## Data extract

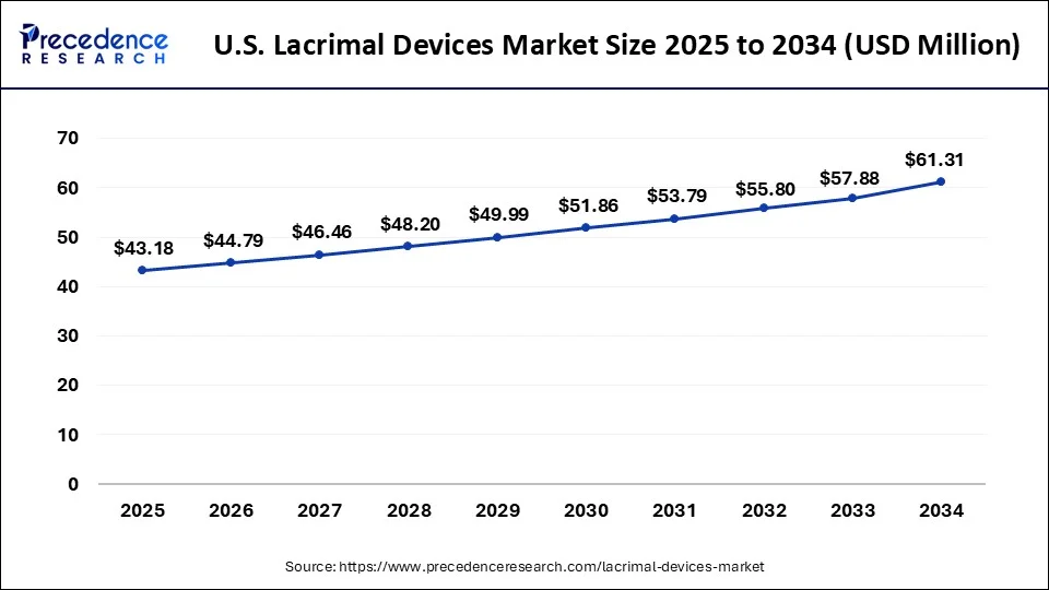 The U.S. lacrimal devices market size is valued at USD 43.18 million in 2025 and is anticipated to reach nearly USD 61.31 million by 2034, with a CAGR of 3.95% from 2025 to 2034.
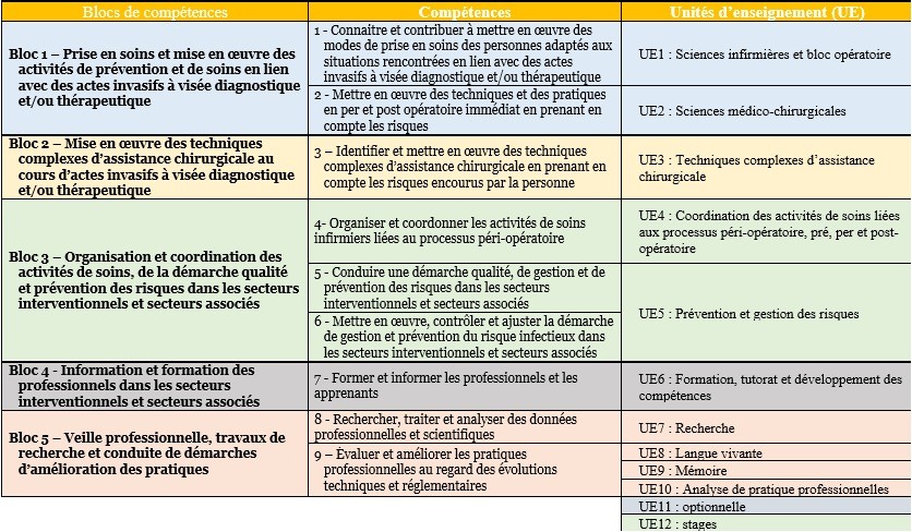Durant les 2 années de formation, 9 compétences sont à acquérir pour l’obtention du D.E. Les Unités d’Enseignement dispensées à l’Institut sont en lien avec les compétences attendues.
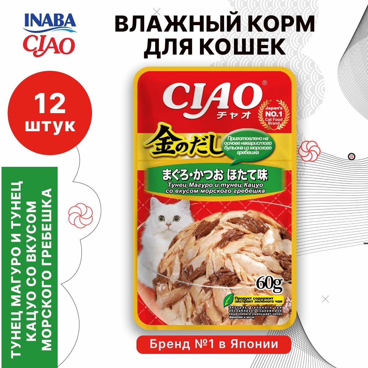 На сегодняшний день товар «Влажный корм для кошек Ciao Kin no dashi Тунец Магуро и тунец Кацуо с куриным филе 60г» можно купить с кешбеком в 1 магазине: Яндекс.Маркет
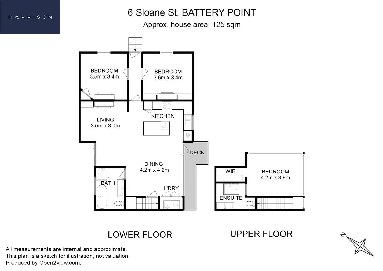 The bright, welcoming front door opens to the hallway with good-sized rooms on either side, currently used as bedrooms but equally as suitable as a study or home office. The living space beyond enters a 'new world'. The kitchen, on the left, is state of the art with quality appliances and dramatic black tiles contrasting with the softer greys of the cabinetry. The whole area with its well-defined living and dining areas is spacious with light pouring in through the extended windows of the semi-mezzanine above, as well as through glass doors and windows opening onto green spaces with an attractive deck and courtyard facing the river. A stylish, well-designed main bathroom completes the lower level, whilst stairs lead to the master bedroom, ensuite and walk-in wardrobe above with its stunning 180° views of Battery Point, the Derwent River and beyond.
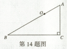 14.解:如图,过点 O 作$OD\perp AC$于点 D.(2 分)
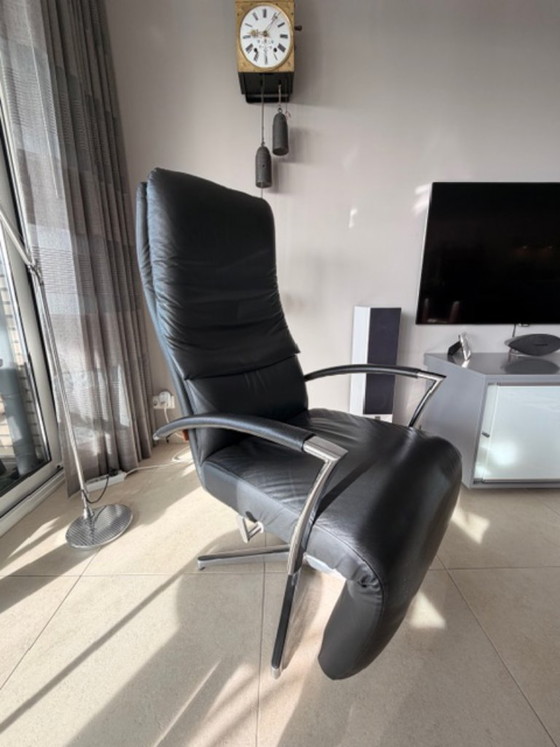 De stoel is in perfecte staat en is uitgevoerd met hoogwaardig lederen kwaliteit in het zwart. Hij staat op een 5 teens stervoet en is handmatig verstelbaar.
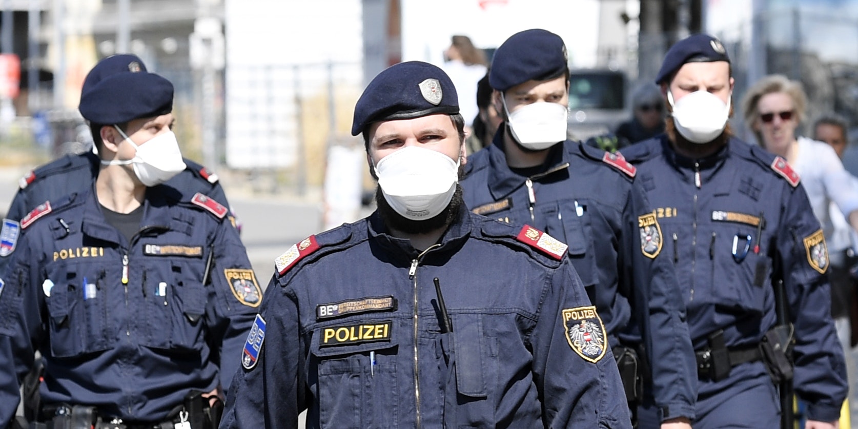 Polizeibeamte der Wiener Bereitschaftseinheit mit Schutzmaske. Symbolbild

## What this task involves
From the line with "14.解:如图,过点 O 作$OD\perp AC$于点 D.(2 分)" to the last line of the material, both inclusive, set down every line exactly and nothing else; omit pictures.

## Solution below
 14.解:如图,过点 O 作$OD\perp AC$于点 D.(2 分)
 De stoel is in perfecte staat en is uitgevoerd met hoogwaardig lederen kwaliteit in het zwart. Hij staat op een 5 teens stervoet en is handmatig verstelbaar.
 Polizeibeamte der Wiener Bereitschaftseinheit mit Schutzmaske. Symbolbild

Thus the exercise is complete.